Chapter 121 - 120. New Dawn - The Demon of The North - NovelsTime

The Demon of The North

Chapter 121 - 120. New Dawn

Author: ToriAnne
updatedAt: 2026-01-17

CHAPTER 121: CHAPTER 120. NEW DAWN

They had nearly forgotten about the Rothschilds, their existence pushed to the edges of memory beneath the overwhelming work of cleansing and restructuring the Empire. Yet the moment the inaugural ceremony concluded and the grand ball began, the family appeared, as if drawn by the scent of opportunity.

Roxanne felt Vivianne’s eyes on her back and turned, meeting her gaze. Vivianne watched her with a blend of uncertainty, unease, and something like resignation.

Roxanne exhaled quietly. She already knew how this would unfold, especially with Valdemar and Genevieve, whose greed had always outweighed their sense, and now, with Liselotte vanished and Dietrich long dead, they’re bound to come crawling.

"Get them into the restroom." Roxanne said to Red.

Red bowed and slipped away.

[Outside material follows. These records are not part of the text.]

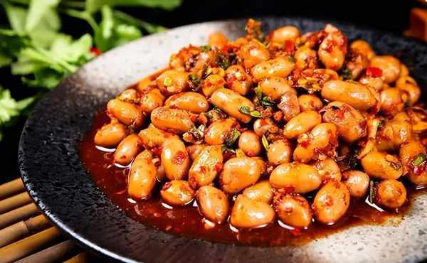 花生米300克,折耳根30克,糖蒜20克,泡菜碎30克,葱花3克。
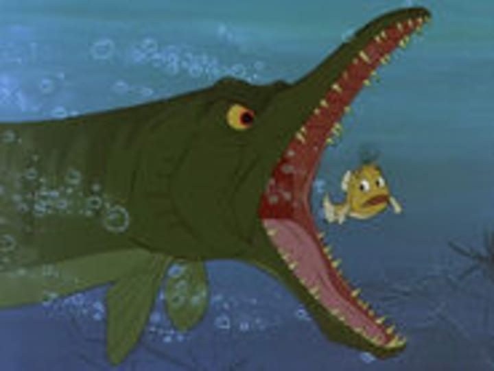 At one-point Arthur lurches out of the water with the pike following very closely behind. This catches the attention of Archimedes, Merlin’s owl who snaps into action quickly. He throws himself onto the pike and saves Arthur from death. Arthur makes it out and Merlin turns him back into a human. The pike in this scene certainly does look evil and menacing with his yellow red eye and sharp teeth.
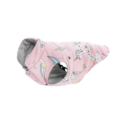 UNIQUE DESIGN: The dog coat features unique unicorn pattern and a choice of light blue and pastel pink, giving your dog an adorable and original style during every walk. PRACTICAL: Equipped with a convenient hole in the back, this coat allows you to easily attach the leash to the collar or harness, offering maximum convenience during outings. COMFORTABLE: Adjustable elastic bands for the back legs ensure that the coat stays well positioned even during movements, ensuring stability and comfort for your dog. VELCRO CLOSURE: Adjustable Velcro closure makes the coat easy to wear and adjust, ensuring a secure and comfortable fit for dogs of different sizes. Measurements: The Unicorn waterproof coat is available in pink and in sizes with back length of 15 cm, chest circumference of 26 -28 cm and neck circumference of 16-18 cm. Perfect for small dogs.
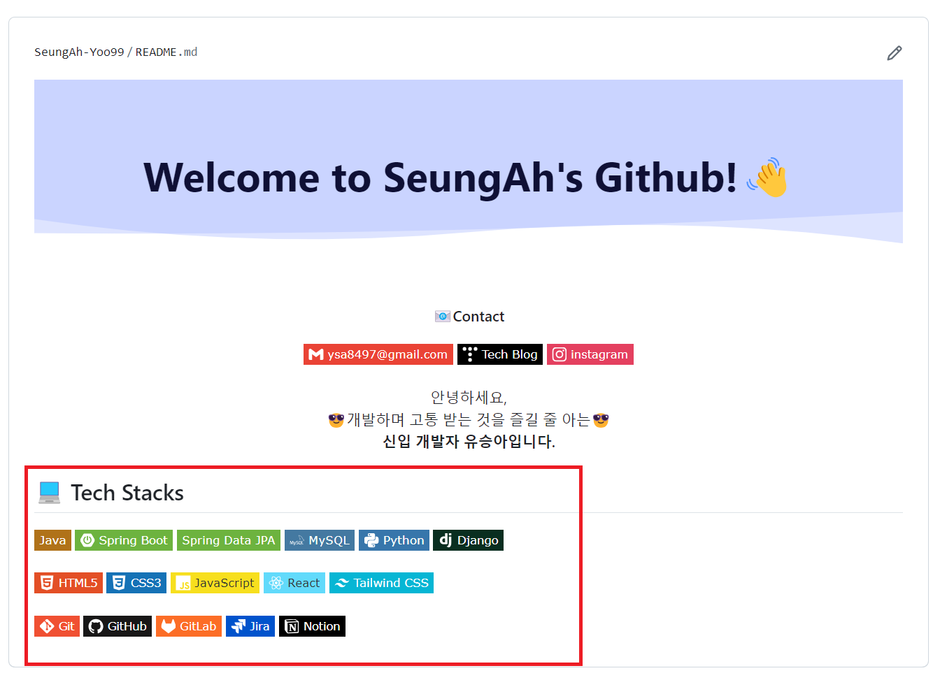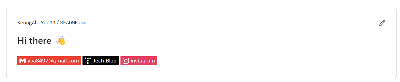 Contact ๋ฑ์ง์ ๋ง์ฐฌ๊ฐ์ง๋ก Shields.io๋ฅผ ์ฌ์ฉํ์ฌ ๋ฑ์ง๋ฅผ ๋ฃ์ด์ค ๊ฒ์ด๋ค.
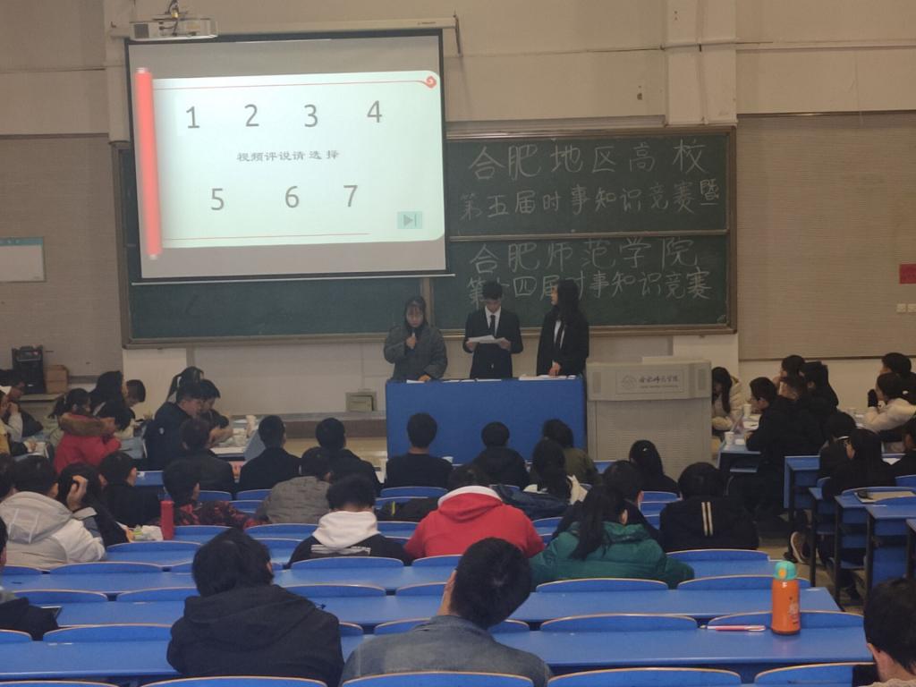 本网讯12月8日上午,由院团委主办,学生社团联合会、社会实践与思想政治理论研究会承办的合肥地区高校第五届时事知识竞赛暨合肥师范学院第十四届时事知识竞赛在锦绣校区逸夫楼举行。院团委相关教师,安徽大学青年学社、安徽农业大学习近平新时代中国特色社会主义思想学生研究会、安徽中医药大学青年马克思主义者学习研究会、合肥师范学院社会实践与思想政治理论研究会、安徽三联学院中国特色社会主义理论研究会、安徽新华学院习近平新时代中国特色社会主义思想学习研究会、安徽职业技术学院马克思主义理论学习研究会七所高校理论类学生社团代表队参加比赛。
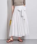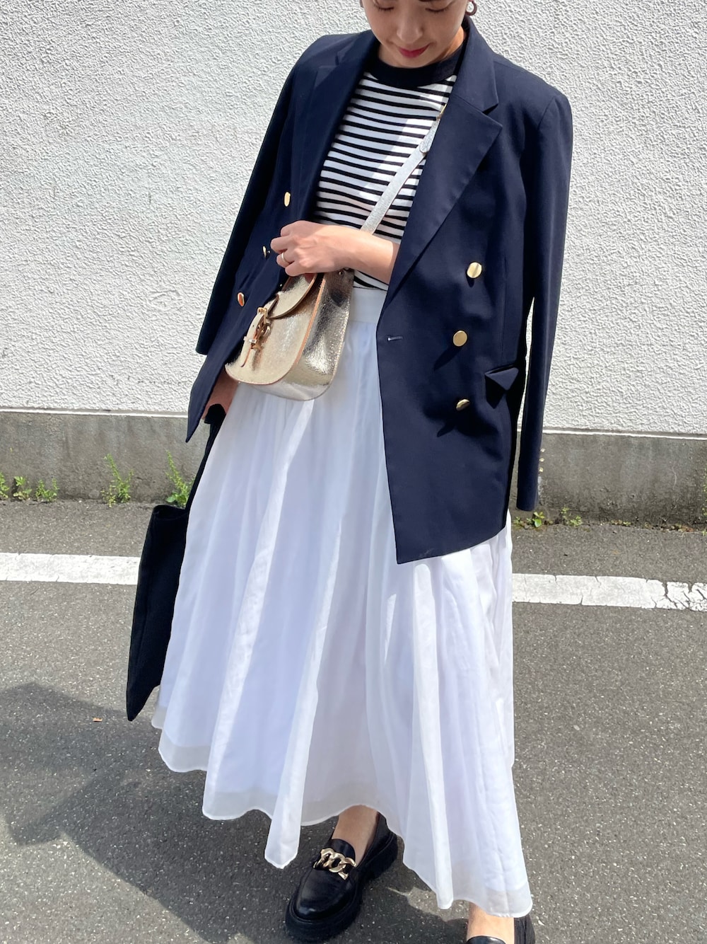白いスカートはフワッと風になびく感じがお気に入り🤍 差し色はゴールドと、リップの赤で。
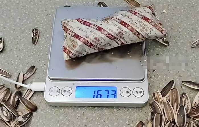 近日,位于黑龙江一女子在网上发布视频表示,自己在网上买的瓜子,说是一袋500克,到手只有472克,更让人注意的是,在这包瓜子之中还有一个像铁块一般的干燥剂,单单一个干燥剂就重167克。

Roxanne turned to Gerhard Eisenwald, giving a subtle nod for him to continue entertaining the guests while she and Vivianne stepped aside. Gerhard responded with a solemn, respectful nod.

The month-long investigation on him had revealed no corruption, but his sin remained: he had knowingly aided the first three omega sacrifices presented to Dietrich. For that, Roxanne had given him a sentence, not of chains, but of responsibility.

He was ordered to build an orphanage in the capital, manage it, and select honest, capable workers from its own wards. It was a punishment that doubled as a chance for redemption.

The orphanage would be under the Royal Palace’s oversight, with Vivianne personally conducting periodic audits of all ledgers and operations. Gerhard accepted the terms without resistance and soon brought his entire family back to the capital: his wife, his two omega daughters, and his still-toddler alpha son.

He had sent them away before, fearful of Dietrich’s instability and unwilling to risk their safety. Now, with the new reign, he could finally breathe.

Gerhard de Eisenwald resumed his role as Chancellor of the Empire, and in his month working beside Roxanne, the difference was startling. Roxanne was strict, yet fair; sharp, yet efficient; and unafraid to dismantle problems at the root instead of wasting time trimming the surface.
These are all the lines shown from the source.